### TASK DATA
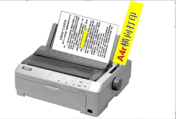 横向打印也叫旋转打印,输出时内容逆时针旋转90度,此时特别注意A4纸不能跟着旋转,一定按原放纸方式,下面是A4横向打印的效果,黄箭头代表走纸方向:
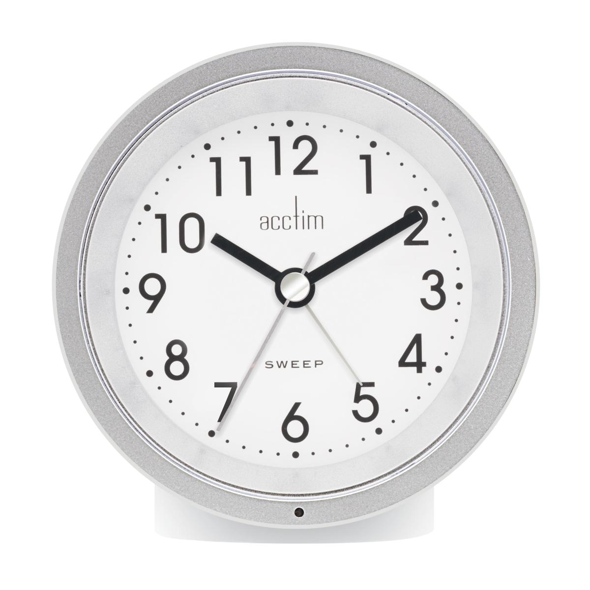 * AA Battery operated* Modern style* Free standing* 2 year guarantee For form and function in perfect harmony look no further than the Caleb Analogue Alarm Clock. The clear, Arabic dial with sweep technology for a quiet night's sleep, is lit by Acctim's Smartlite technology - automatically illuminating the dial as your room gets darker. Perfect for those early morning rises.
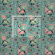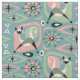 My original vector illustration of mid century style abstract cats, cubes, starbursts, boomerang, lozenges, & more, in pink, green, mocha, light tan, & black on blue.
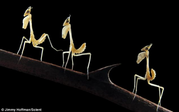 球根状的鼓鼓眼睛和奇特的枝条状身体,这些螳螂看上去像是来自另一个星球的生物。在一张照片中,它们栖息于细小的植物根茎之上,享用着黄色蚜虫这顿午餐;在另一张照片上,一只螳螂正欲扑向一只毫无防备的蝴蝶;还有一张不可思议的照片甚至显示螳螂幼虫看上去不比一根玫瑰刺大多少。
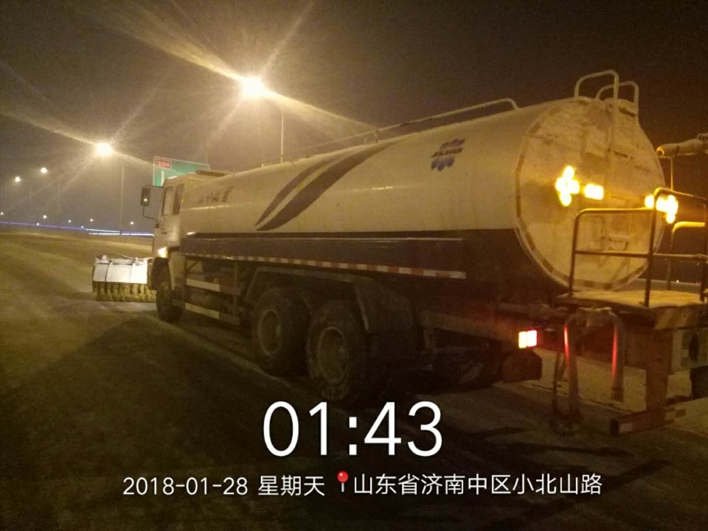 1月27日,受冷空氣影響,濟南市區大范圍降雪,為避免雨雪極端天氣對高架交通通行造成影響,按照《濟南市人民政府辦公廳關于做好冰雪和強降溫天氣防范應對工作的緊急通知》的要求,濟南市政公用資產管理運營有限公司子公司濟南泉澤建設管理運營有限公司按照"提前預防、充分準備、快速反應、協調聯動"的原則,啟動雨雪天氣應急機制。二環西南延高架運營維護小組立即出動,調動保潔分包單位開展鏟雪除冰、路面融雪等應急處置工作。
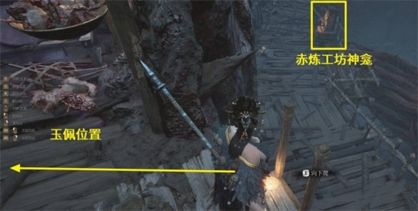 2、要是以前已经探索过此区域并开启了近路,那么直接从神龛【佛源镇 - 赤炼工坊】旁边的梯子爬上去,就能拿到这个玉佩。
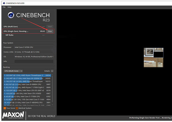 假如您使用此選項,將給予另一項名叫“CPU(單核心)”的測試選項.該項測試將在假定您的系統(tǒng)軟件僅有單珠CPU的情況下運作MAXONCINEBENCH.這將用以評定計算機實行單一標準的單核每日任務,與此同時也會測算MP比例,用以主要表現(xiàn)多核比單核心的迅速水平.除此之外,還會繼續(xù)展現(xiàn)一個比較參照,用以和電腦顯卡3D渲染參照圖象較為貼近水平.
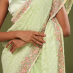 Soft Pistachio Green Georgette Embroidery Saree With Scallop Border
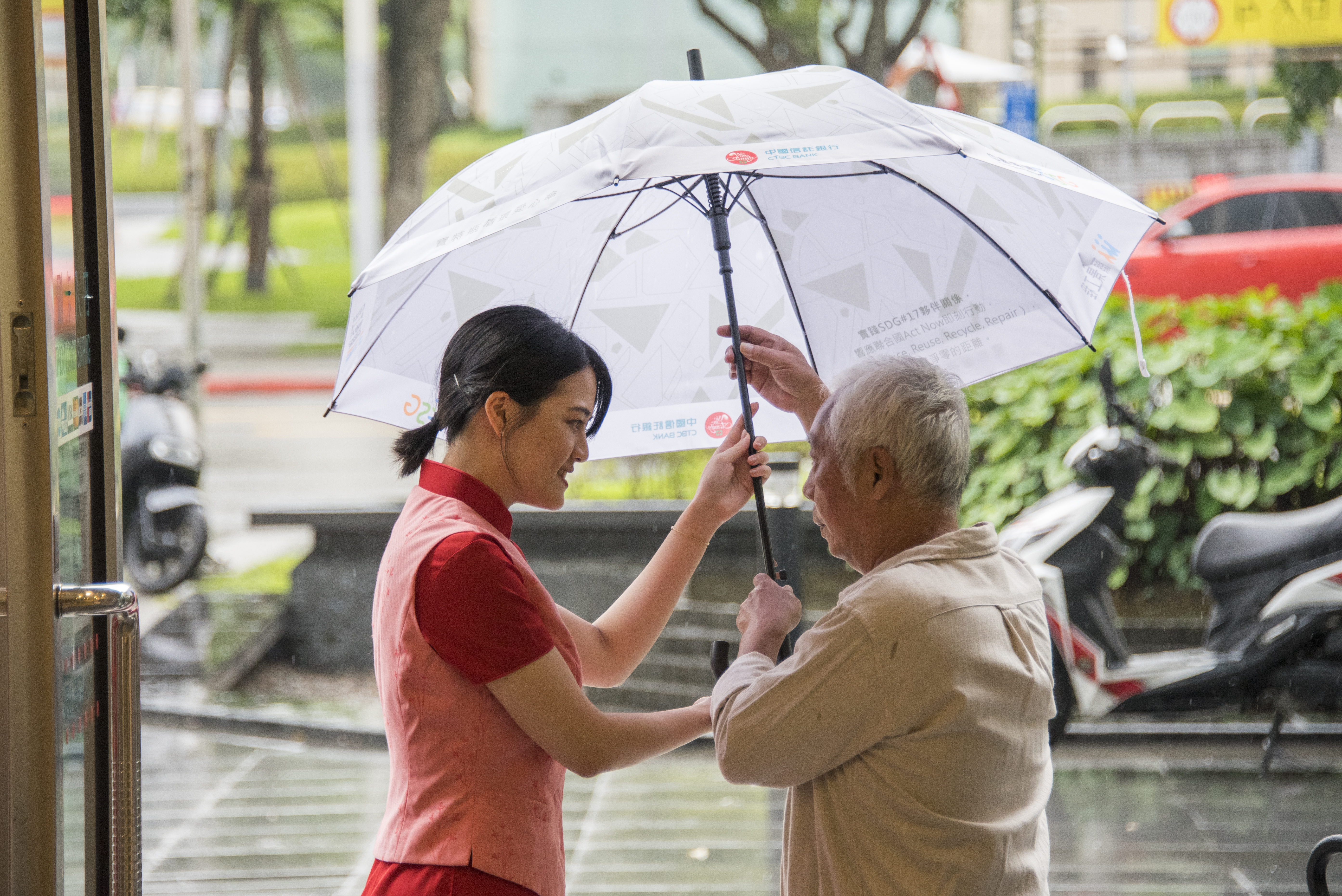 早上還熱得要人命,午後雷雨就無預警轟炸,若緊急買新傘,傷荷包、還會增加十公斤排碳量。九月起,臨時無傘時,可以走到鄰近中國信託銀行、中華電信門市,6,000支「寶特瓶循環愛心傘」等著讓人應急。
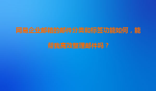 4008-020-360 網(wǎng)易企業(yè)郵箱的郵件分類(lèi)和標(biāo)簽功能如何,能幫我高效整理郵件嗎? 網(wǎng)易企業(yè)郵箱的郵件分類(lèi)與標(biāo)簽功能解析 在信息爆炸的時(shí)代,高效管理郵件已成為職場(chǎng)人士的必修課。網(wǎng)易企業(yè)郵箱憑借...
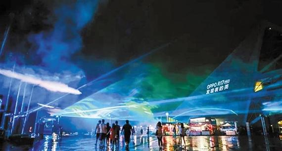 8月12日晚間,深圳歡樂(lè)海岸上演了一場(chǎng)浪漫極光秀,激光投射到云霧之上,營(yíng)造出人造極光這樣的奇特景觀。
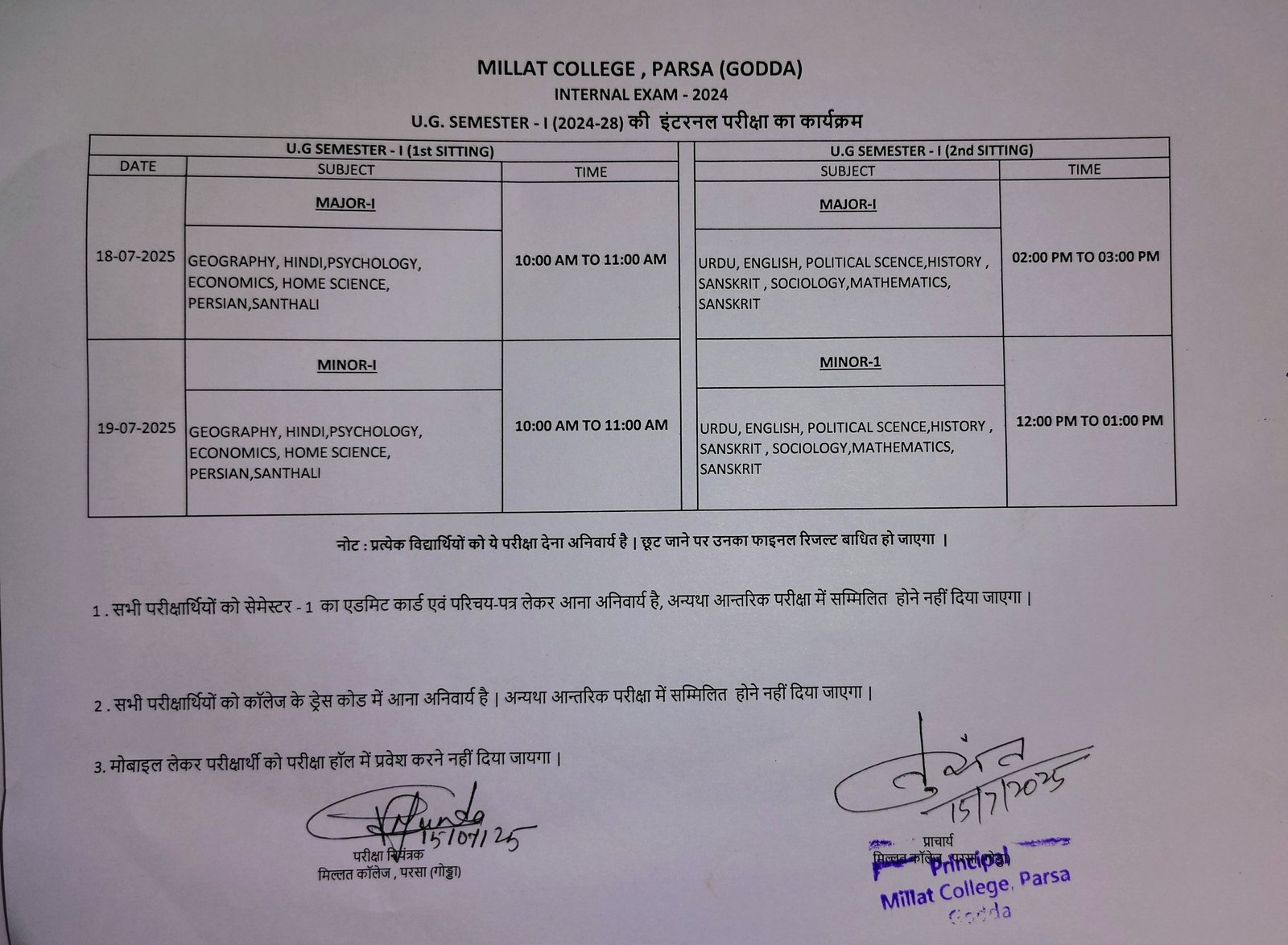 05-07-2025The College was established with the mission to provide higher education and uplift minorities, backward caste and scheduled caste dominated population of the region. The region of Parsa of Godda district have majority of rural universe. Therefore, access of higher education is arduous for most of the learners. Millat College, Parsa endeavers to spread the rays of knowledge among each and very underprivileged students of the society.
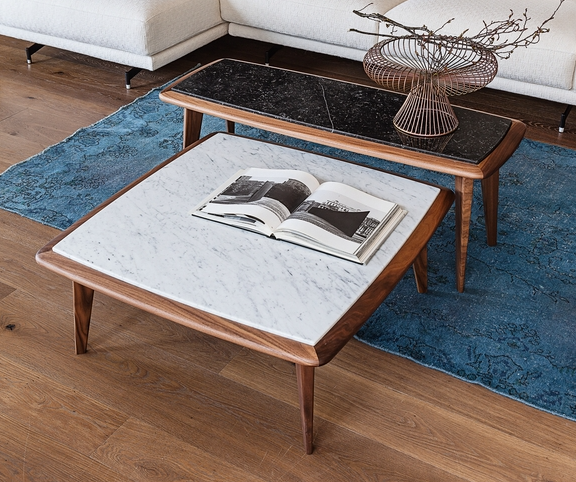 The 9500 080, 082, 084, 086, 088 coffee tables' design emphasizes their light and functional lines as well as the elegant look of their marble or mirror tops. These coffee tables are the perfect match with every Vibieffe sofa and armchair.
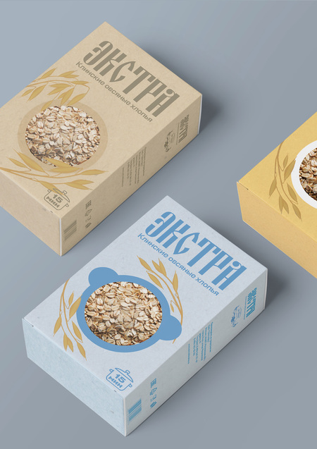 Проект по разработке дизайна упаковки овсяных хлопьев «Экстра». Был создан как классический вариант упаковки, так и варианты, ориентированные на детей, в основу которых легли характерные черты милых животных (также идет ассоциация с детскими тарелочками).

### ACTION ITEM
Every line above in the stretch from the one with "05-07-2025The College was" through the one with "The 9500 080, 082, 084, 086, 088" is to be transcribed exactly, ends included. No picture is copied.

### YOUR RESPONSE
 05-07-2025The College was established with the mission to provide higher education and uplift minorities, backward caste and scheduled caste dominated population of the region. The region of Parsa of Godda district have majority of rural universe. Therefore, access of higher education is arduous for most of the learners. Millat College, Parsa endeavers to spread the rays of knowledge among each and very underprivileged students of the society.
 The 9500 080, 082, 084, 086, 088 coffee tables' design emphasizes their light and functional lines as well as the elegant look of their marble or mirror tops. These coffee tables are the perfect match with every Vibieffe sofa and armchair.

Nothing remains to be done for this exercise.